Intel’s worldwide turnover in 2007 was €27 972 million (US$ 38 834 million). The fine in this case takes account of the duration and gravity of the infringement. In accordance with the Commission's 2006 Guidelines on Fines (see IP/06/857 and MEMO/06/256 ) the fine has been calculated on the basis of the value of Intel's x86 CPU sales in the European Economic Area (EEA). The duration of the infringement established in the decision is five years and three months.

The Commission’s investigation followed complaints from AMD in 2000, 2003 and 2006 (the last having been sent to the German competition authority and subsequently examined by the European Commission). The Commission's decision follows a Statement of Objections sent in July 2007 (see MEMO/07/314 ), a Supplementary Statement of Objections sent in July 2008 (see MEMO/08/517 ) and a letter sent to Intel in December 2008 setting out additional factual elements relevant to the final decision. Intel's rights of defence have been fully respected in this case."

LINK!

HammerON said:
I would be curious as to where that 1.45 billion will go. Anyone know?
It's not really hard to find out!

"Where does the money go?

Once final judgment has been delivered in any appeals before the Court of First Instance (CFI) and the Court of Justice, the money goes into the EU’s central budget, thus reducing the contributions that Member States pay to the EU."
Posted on Reply
#2
HammerON
The Watchful Moderator
Found this article on:
http://europa.eu/rapid/pressReleasesAction.do?reference=MEMO/09/235&format=HTML&aged=0&language=EN&guiLanguage=en

And it states the money will go to:
Where does the money go?

Once final judgment has been delivered in any appeals before the Court of First Instance (CFI) and the Court of Justice, the money goes into the EU’s central budget, thus reducing the contributions that Member States pay to the EU.

Very strange :wtf:

sorry DareD didn't catch your post before I replied~
Posted on Reply
#3
HalfAHertz
From what I've read so far in this thread, I get the impression that the fine they recieved is actually too small and insignificant for the damage they've caused on AMD's public image and sales for a period of around 3 years! Two companies that make bilions yearly and the fine is less than 10% of that. Dunno if I'm correct, but isn't it that when you break the law and proffit illegaly, all the funds that you made in that period should be taken away? Now I'm not saying that the EU or anyone else should fine Intel for 15 bilion or something. I would in no way wish for intel to be forced into bancruptcy, but they should at least be penalized for a longer period of time, like for example limit the ammount of their sales for a similar period of time or something, the same way AMD was forced to.
Posted on Reply
#4
mtosev
I think that there are 2 different systems of doing buissness. The US and EU. what's accepted in the US is not in the EU.
And that Intel is just in the crossfire.
Posted on Reply
#5
vega22
i love the way most americans were slating intle for this last year and now it seems they are getting all patriotic over that fact that they will have to pay somthing for the crimes they (intel) committed to another government.

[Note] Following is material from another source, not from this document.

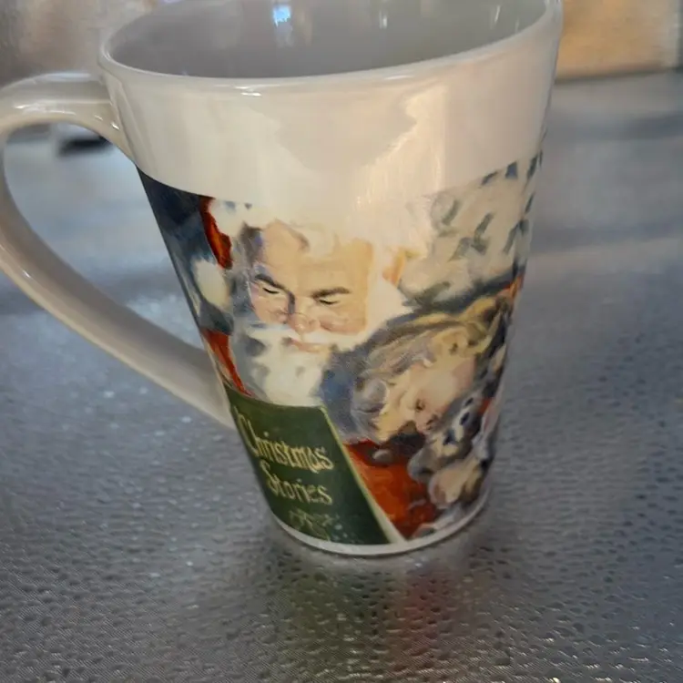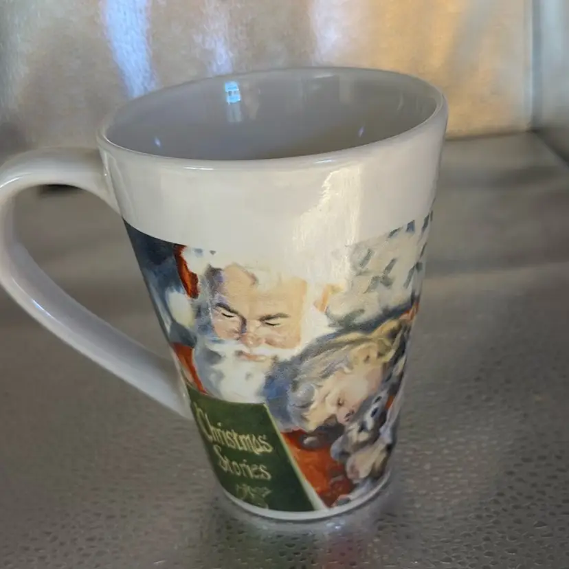 This mug is 4.5 inches tall. It’s great for Christmas. Santa is reading to a sleeping child.

i said back then the fine was too small and still think that today, i hope the appeal board ptsl and double it. are you going to tell me that they cant pay 25% of their profits without needing to harm the end user? let alone the 12.5% of their profit that the $1b fine is, this is how much profit they made during the biggest global economic downturn in a century.

fuck em, let them pull out of europe, its cheaper for us to buy from the states and impoprt it anyway ffs.

@halfahertz
yea, if i was selling crack and made $8billion a year they would take it all not just a measly 12.5% but they wont do that to intel.
Posted on Reply
#6
HalfAHertz
marsey99 said:
i love the way most americans were slating intle for this last year and now it seems they are getting all patriotic over that fact that they will have to pay somthing for the crimes they (intel) committed to another government.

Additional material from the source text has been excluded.